Other Income (Expense), Net
Other income in 2003 primarily relates to the sale of our interest in an equity-method investment in LKQ Corporation, an auto parts recycling business, for $38.3 million, resulting in a pre-tax gain of $16.5 million.
In September 2002, one of our captive insurance companies terminated a reinsurance agreement with a third-party insurance company and transferred our risk pertaining to certain extended warranty products under the reinsurance agreement back to such insurance company. As a result of the transaction, we liquidated related restricted assets, realizing a $3.1 million gain on the sale. Additionally, in 2002, we converted our remaining restricted investments to restricted cash, realizing a $2.7 million gain on the sale.
Provision for Income Taxes
Income taxes have been provided based upon our anticipated underlying annual effective income tax rate. The effective income tax rate was 34.7%, 15.0% and 38.3% for the years ended December 31, 2004, 2003 and 2002, respectively.
In March 2003, we entered into a settlement agreement with the IRS with respect to the tax treatment of certain transactions we entered into in 1997 and 1999. As a result of the settlement, during 2003, we recognized an income tax benefit of $127.5 million from the reduction of previously recorded deferred tax liabilities. In 2003, we made a $366.0 million prepayment of the initial installment due March 2004, including interest.

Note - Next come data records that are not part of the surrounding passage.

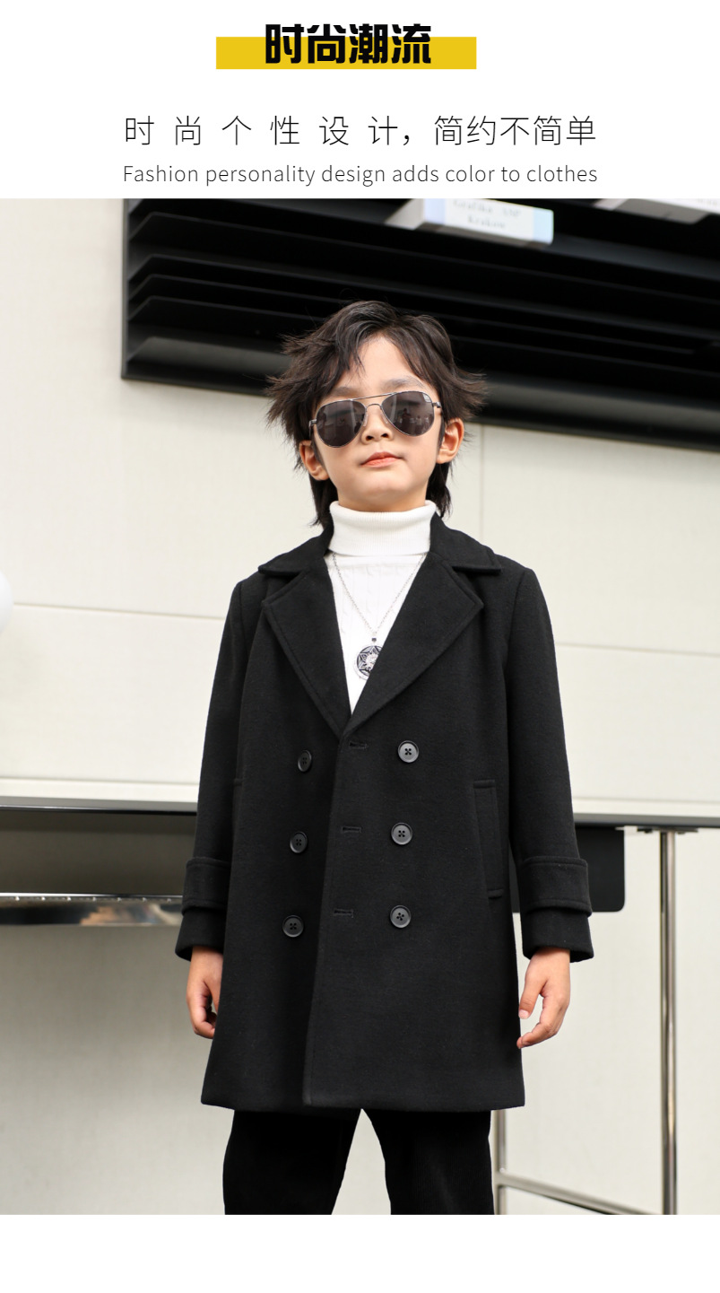 Новая осенняя и зимняя двубортная шершавая куртка для мальчиков, утолщенная, с отложным воротником, средней длины
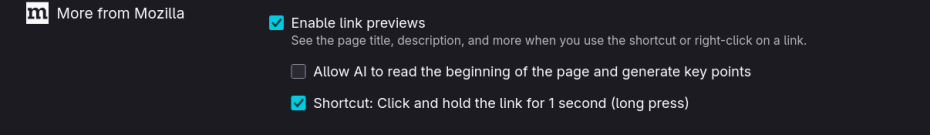 Еще одной новой функцией в предстоящем выпуске Firefox 146 является поддержка предварительного просмотра ссылок (включена по умолчанию в разделе «Общие» > «Настройки браузера») с помощью сочетания клавиш или щелчка правой кнопкой мыши по ссылке с возможностью использования искусственного интеллекта для чтения начала страницы и генерации ключевых моментов, однако функция с поддержкой искусственного интеллекта по умолчанию не включена.
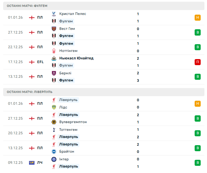 Крейвен Коттедж у першу неділю 2026 року прийме одну з найцікавіших афіш 20-го туру АПЛ — Фулгем проти Ліверпуля. Обидві команди розпочали новий рік із нічийних результатів — тепер вони зустрінуться в очному протистоянні, щоб визначити сильнішого.
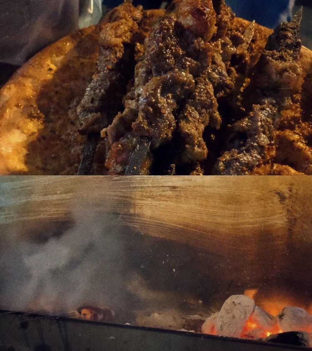 12点的夜市羊肉串。虽已疲惫不堪,但还是及其容易满足的说说笑笑吃着在飞机上许下的愿望,就是落地能一口羊肉串一口葡萄。虽坎坷,这不,也实现了嘛。
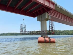 guindolas-andamio, en la parte exterior del puente, con la
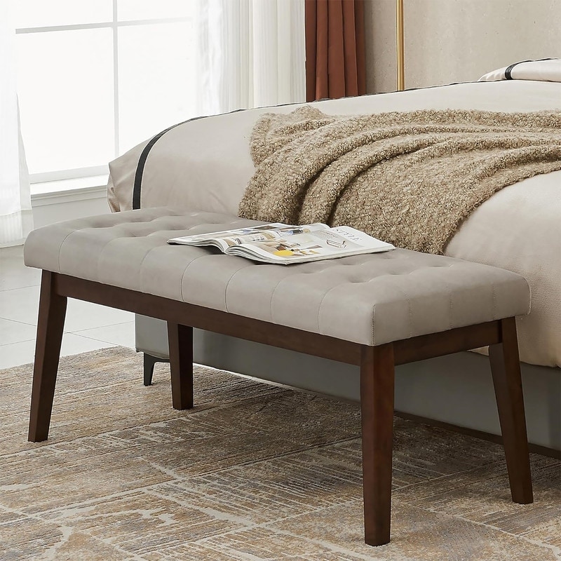 Semi-Circle Bed Bench with Tufted Design and Rubberwood Legs
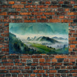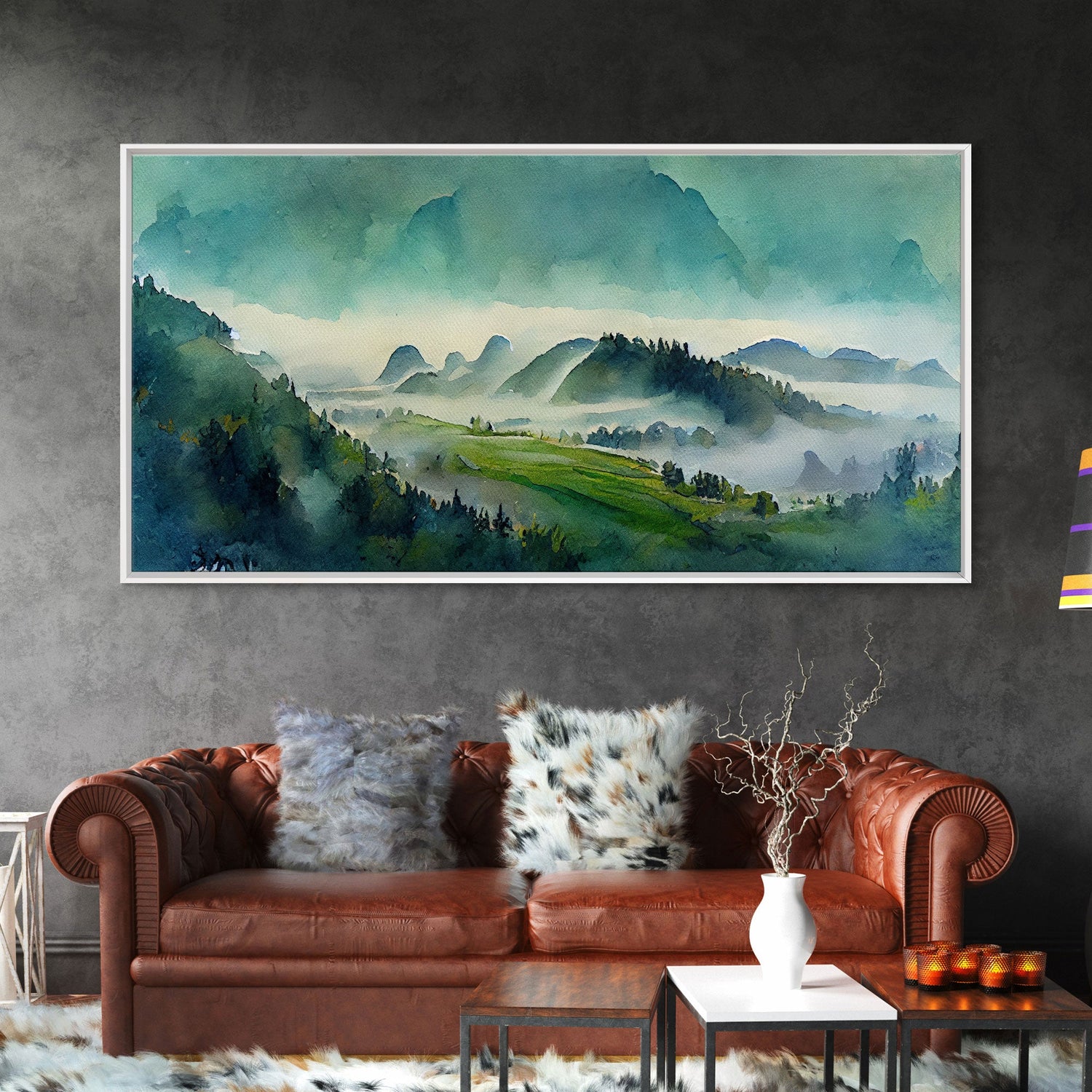 Panoramic Green Blue Foggy Mountain Valley Watercolor Canvas Art Print, Misty Rolling Hills Landscape, Extra Large Panorama Print

Additionally, in 2004, we prepaid the remaining balance due related to the IRS settlement totaling $128.9 million, including accrued interest.
During 2004 and 2003, we recorded net income tax benefits in continuing operations totaling $25.8 million and $140.9 million (which includes $127.5 million recognized as a result of the IRS settlement discussed above), respectively, primarily related to the resolution of various income tax matters. We also recognized a $52.2 million gain included in Discontinued Operations related to the settlement of various income tax matters. Our underlying base effective tax rate for 2004 before adjustments was 39%.
We substantially completed the federal income tax audit for the years 1997 through 2001 and a federal income tax audit for 2002 and 2003 was recently initiated by the IRS. We are routinely audited by the states in which we do business and remain under examination by various states for the tax years discussed above. We expect additional state and federal tax adjustments over the next eighteen months as we continue to work through various tax matters. Once we resolve our open tax matters, we expect our base effective tax rate to be approximately 39%.
See Note 12, Income Taxes, of the Notes to Consolidated Financial Statements for further information.